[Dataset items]
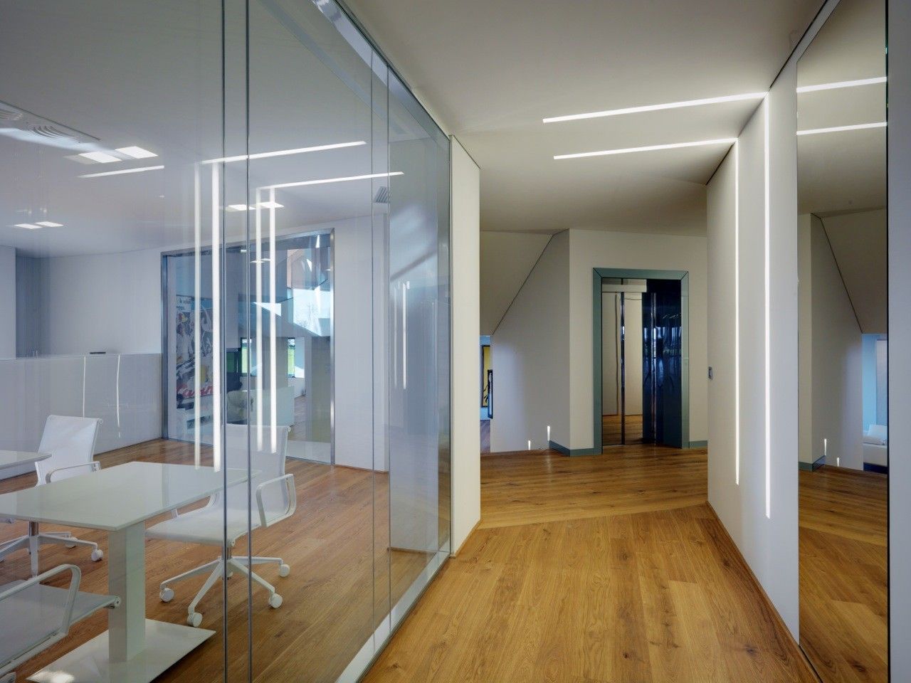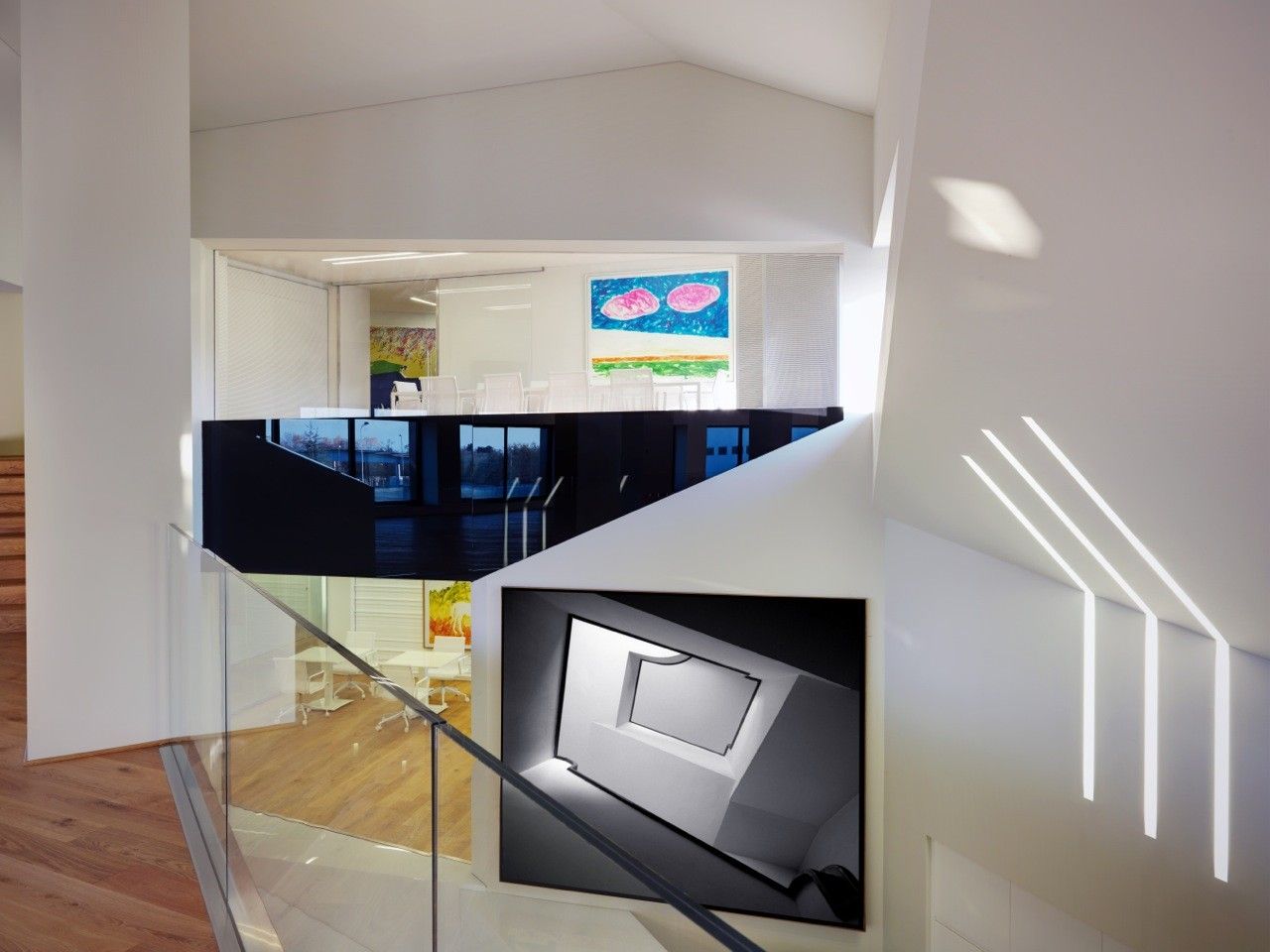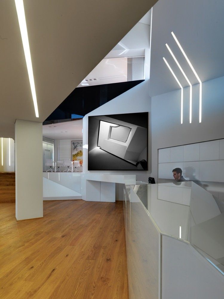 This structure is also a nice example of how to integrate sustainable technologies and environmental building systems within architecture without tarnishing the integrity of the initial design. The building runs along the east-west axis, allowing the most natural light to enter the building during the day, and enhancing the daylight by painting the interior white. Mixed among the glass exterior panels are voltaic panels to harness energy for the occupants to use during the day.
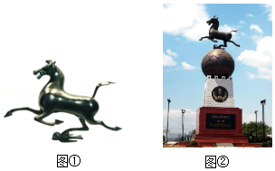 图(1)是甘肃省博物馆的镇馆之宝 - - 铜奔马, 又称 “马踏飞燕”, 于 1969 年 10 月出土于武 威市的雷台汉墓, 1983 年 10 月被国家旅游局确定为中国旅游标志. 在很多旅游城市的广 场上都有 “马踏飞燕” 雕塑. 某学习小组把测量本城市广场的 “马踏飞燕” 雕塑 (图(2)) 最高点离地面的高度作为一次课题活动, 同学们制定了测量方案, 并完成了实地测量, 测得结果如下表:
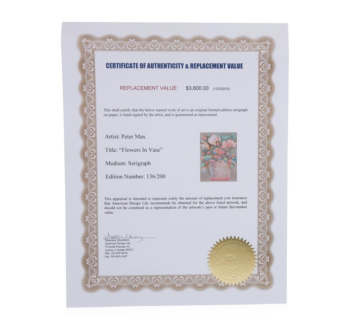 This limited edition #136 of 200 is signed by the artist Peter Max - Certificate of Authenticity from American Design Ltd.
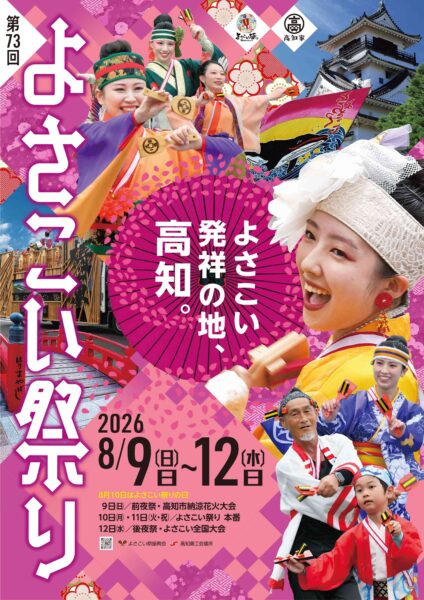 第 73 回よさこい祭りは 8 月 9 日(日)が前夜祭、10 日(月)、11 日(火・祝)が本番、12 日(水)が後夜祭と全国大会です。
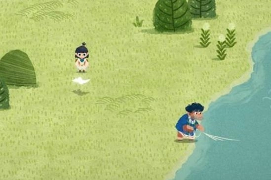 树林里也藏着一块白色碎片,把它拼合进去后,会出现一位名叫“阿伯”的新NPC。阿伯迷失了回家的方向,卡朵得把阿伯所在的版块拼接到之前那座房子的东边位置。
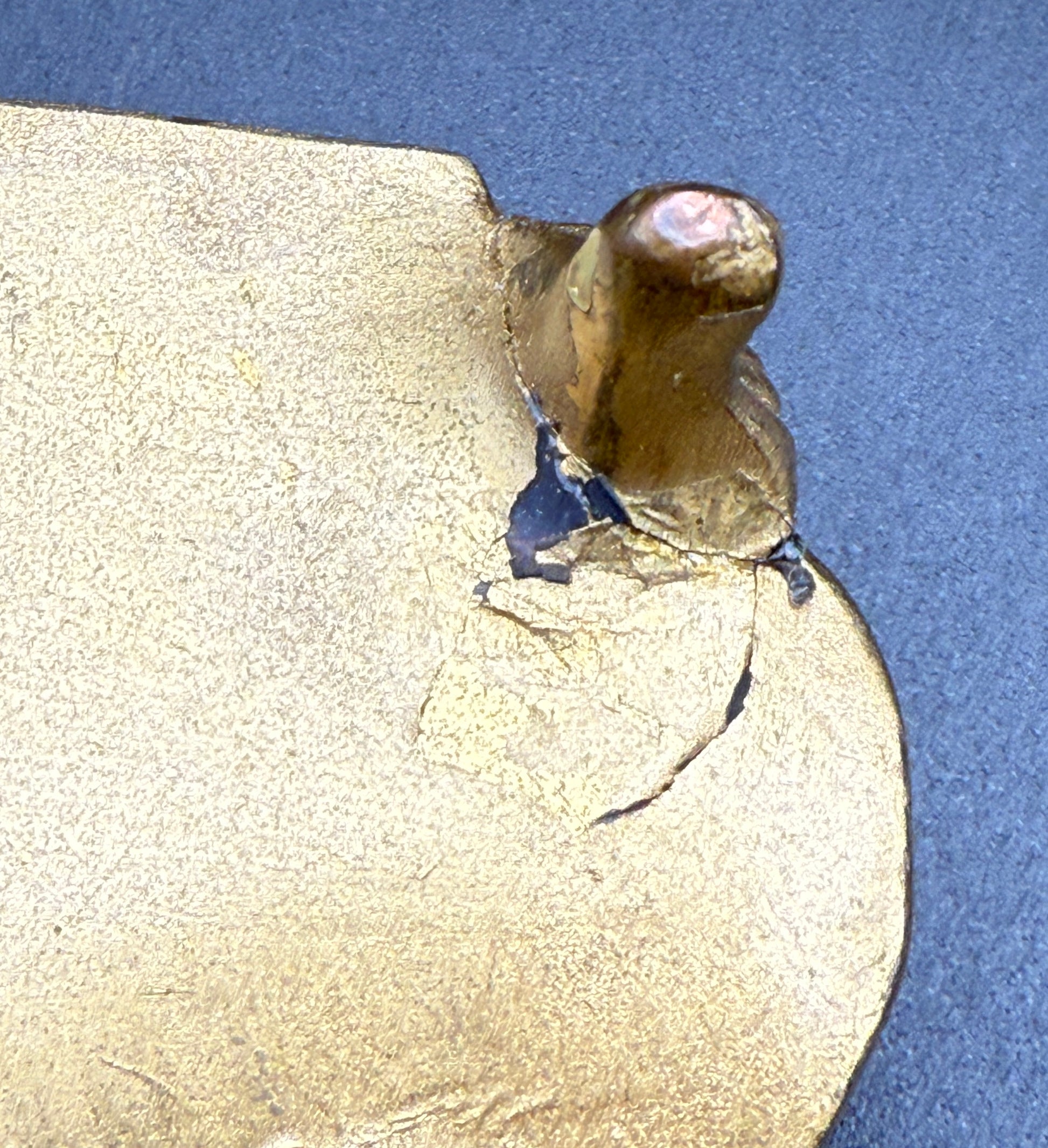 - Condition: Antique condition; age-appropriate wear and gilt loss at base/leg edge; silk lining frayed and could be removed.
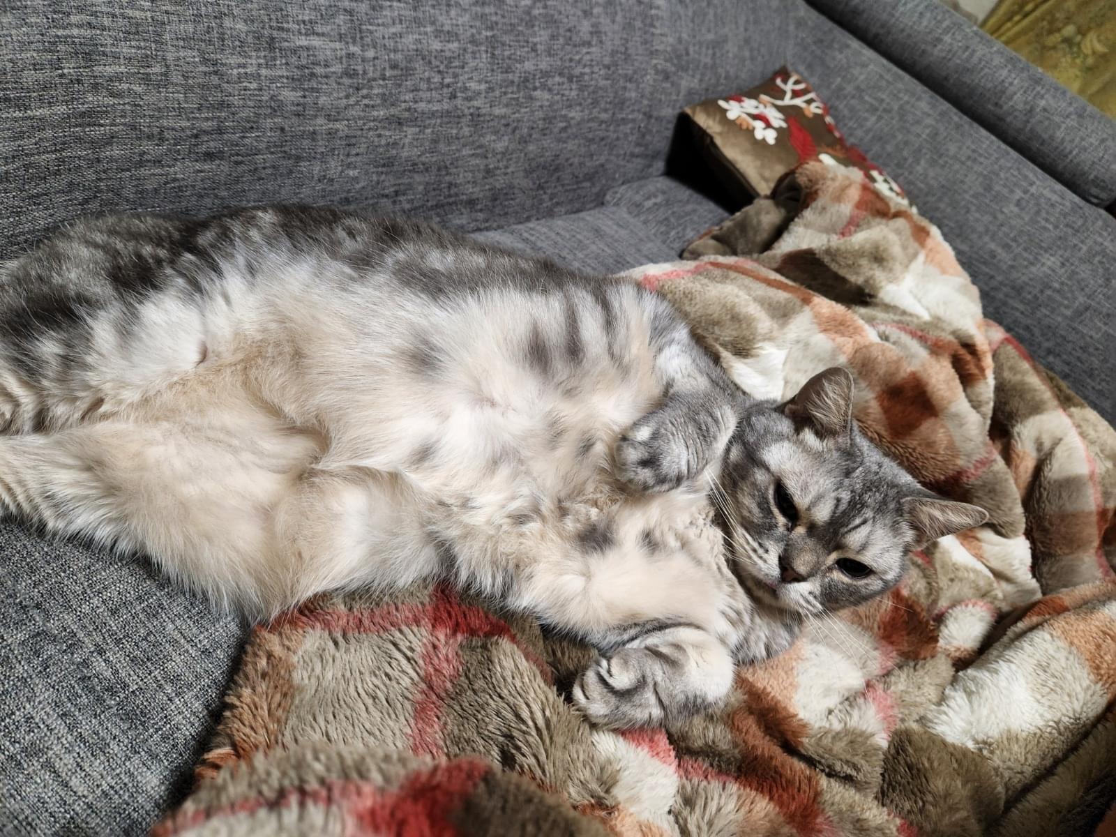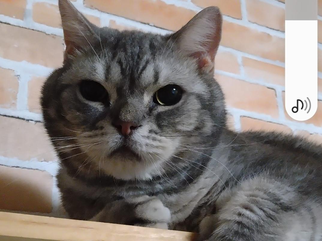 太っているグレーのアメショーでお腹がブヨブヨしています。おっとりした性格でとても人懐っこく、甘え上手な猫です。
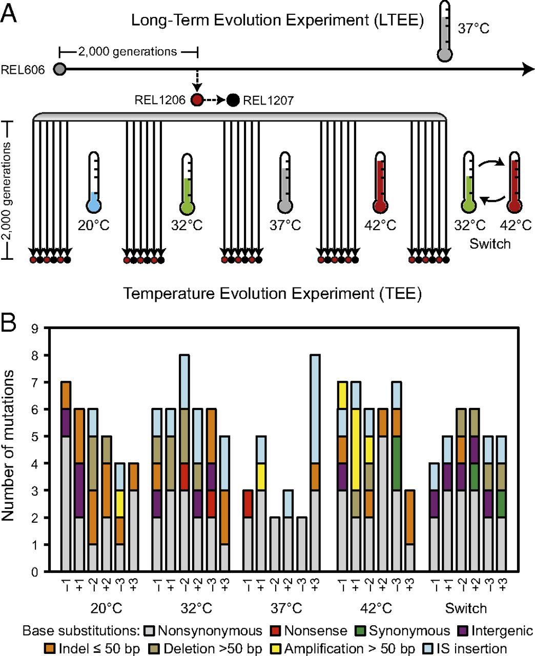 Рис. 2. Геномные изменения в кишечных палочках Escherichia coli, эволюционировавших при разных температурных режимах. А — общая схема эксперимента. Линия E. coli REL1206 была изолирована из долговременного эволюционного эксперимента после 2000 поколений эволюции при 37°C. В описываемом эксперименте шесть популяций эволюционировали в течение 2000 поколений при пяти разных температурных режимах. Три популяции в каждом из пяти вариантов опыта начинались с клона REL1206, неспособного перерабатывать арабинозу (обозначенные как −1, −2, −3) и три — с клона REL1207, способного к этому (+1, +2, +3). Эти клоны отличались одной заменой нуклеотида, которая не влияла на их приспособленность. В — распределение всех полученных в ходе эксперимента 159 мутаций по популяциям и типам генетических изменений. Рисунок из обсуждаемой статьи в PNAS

• _What you will do_
Leave out the pictures, and please output only the lines from the line that contains "This limited edition" through the end of the data, both ends included.

• _Response below_
 This limited edition #136 of 200 is signed by the artist Peter Max - Certificate of Authenticity from American Design Ltd.
 第 73 回よさこい祭りは 8 月 9 日(日)が前夜祭、10 日(月)、11 日(火・祝)が本番、12 日(水)が後夜祭と全国大会です。
 树林里也藏着一块白色碎片,把它拼合进去后,会出现一位名叫“阿伯”的新NPC。阿伯迷失了回家的方向,卡朵得把阿伯所在的版块拼接到之前那座房子的东边位置。
 - Condition: Antique condition; age-appropriate wear and gilt loss at base/leg edge; silk lining frayed and could be removed.
 太っているグレーのアメショーでお腹がブヨブヨしています。おっとりした性格でとても人懐っこく、甘え上手な猫です。
 Рис. 2. Геномные изменения в кишечных палочках Escherichia coli, эволюционировавших при разных температурных режимах. А — общая схема эксперимента. Линия E. coli REL1206 была изолирована из долговременного эволюционного эксперимента после 2000 поколений эволюции при 37°C. В описываемом эксперименте шесть популяций эволюционировали в течение 2000 поколений при пяти разных температурных режимах. Три популяции в каждом из пяти вариантов опыта начинались с клона REL1206, неспособного перерабатывать арабинозу (обозначенные как −1, −2, −3) и три — с клона REL1207, способного к этому (+1, +2, +3). Эти клоны отличались одной заменой нуклеотида, которая не влияла на их приспособленность. В — распределение всех полученных в ходе эксперимента 159 мутаций по популяциям и типам генетических изменений. Рисунок из обсуждаемой статьи в PNAS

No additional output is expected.